Consolidated Dressed Beef Company, Inc., v. City of Philadelphia
    
      October 31, 1951.
    
      Frank Rogers Donahue, for plaintiff.
    
      Frank F. Truscott, City Solicitor, and Karl I. Schofield, Assistant City Solicitor, for defendant.
   Kun, P. J.,

— Plaintiff filed suit against the city to recover sewer rents which it claims to have paid for the years 1946 and 1947 “erroneously and inadvertently”. The city rendered plaintiff sewer rent bills during those years and for the years 1948, 1949 and 1950. Plaintiff apparently paid the precise amounts of the bills rendered, because nothing else was pleaded in that regard. Plaintiff alleges that in December 1950 it learned that there was no sewer in the place mentioned that connected with plaintiff’s plant; whereupon, on December 14, 1950, plaintiff, through its counsel, took the matter up with the receiver of taxes office, and demanded a refund of the rents so paid, as a result of which negotiations, the city refunded to plaintiff, in January 1951, the sewer rents paid by plaintiff for the years 1948, 1949 and 1950, but refused to refund the rents paid for the years 1946 and 1947, to recover which this suit is brought. Defendant City filed preliminary objections to the complaint, questioning the right of plaintiff to recover on the facts pleaded.

Plaintiff bases its right of recovery of the sewer rents on the Act of May 21, 1943, P. L. 349, 72 PS §5566(6), et sec., which provides that:

“Whenever any person or corporation of this Commonwealth has erroneously or inadvertently paid or caused to be paid into the treasury of any political subdivision . . . any tax or taxes on real or personal property, or any license fee or fees, under an assumption that such taxes or license fees were due and owing, when in fact such taxes or license fees, . . . were not due and owing to the political subdivision, then in such cases the authorities of the political subdivision, upon due proof of any such erroneous or inadvertent tax or license fee payments, are hereby directed to draw their warrant on the treasurer of such political subdivision in favor of such person or corporation, to make refund out of the public funds of such tax or taxes or license fee or fees to which the political subdivision has no valid claim. . . .” Section 2 of the act, 72 PS § 5566c, gives to the aggrieved person or corporation a “right to recover the sum involved by instituting an action in assumpsit in any court of competent jurisdiction within the county wherein such political subdivision is located”. Section 3, 72 PS §5566d, provides that the act shall be retroactive as regards all taxes and fees “erroneously or inadvertently paid into the treasury of any political subdivision for a period of not exceeding three years prior to the discovery of such erroneously paid taxes and fees”.

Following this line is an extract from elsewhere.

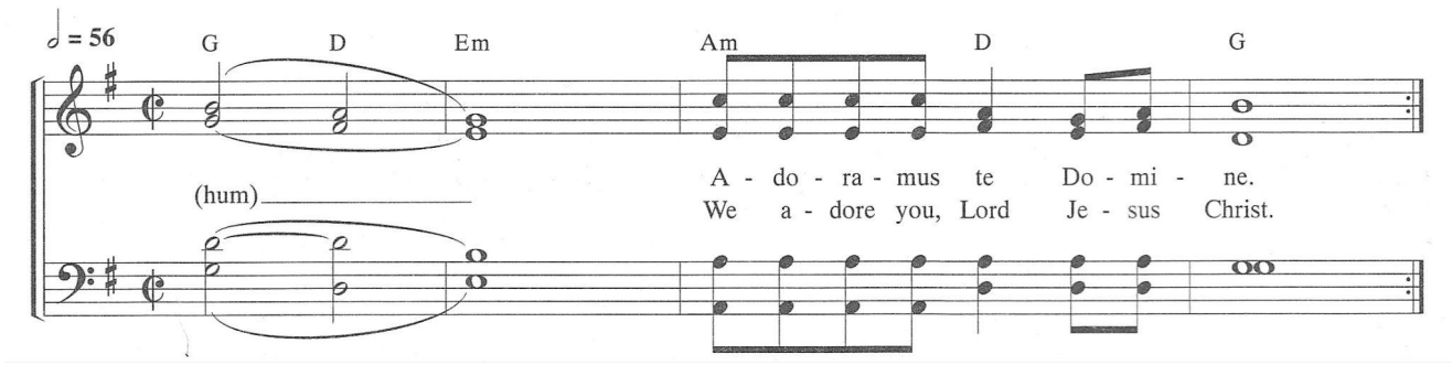
Ateliers et presses de Taize / OneLicense

It is to be noted that the statute is limited to the refund of “taxes and license fees”. It has been decided that sewer rents are not taxes: Hamilton’s Appeal, 340 Pa. 17, 21. They are certainly not “license fees”. The statute being in derogation of the common-law rule that all such voluntary payments may not be reeovered (De La Cuesta v. Insurance Co. of N. A. et al., 136 Pa. 62, 20 Atl. 505; Shenango Furnace Company v. Fairfield Township, 229 Pa. 357, 78 Atl. 973; Philadelphia & Reading Coal & Iron Co. v. Tamaqua Borough School District, 304 Pa. 489, 494, 156 Atl. 75), the act must be construed strictly in that regard. If it should be the legislative desire to permit the recovery of sewer or water rents in the same circumstances granted for the recovery of taxes and license fees, it would seem to us that appropriate legislation would have to be passed to authorize it.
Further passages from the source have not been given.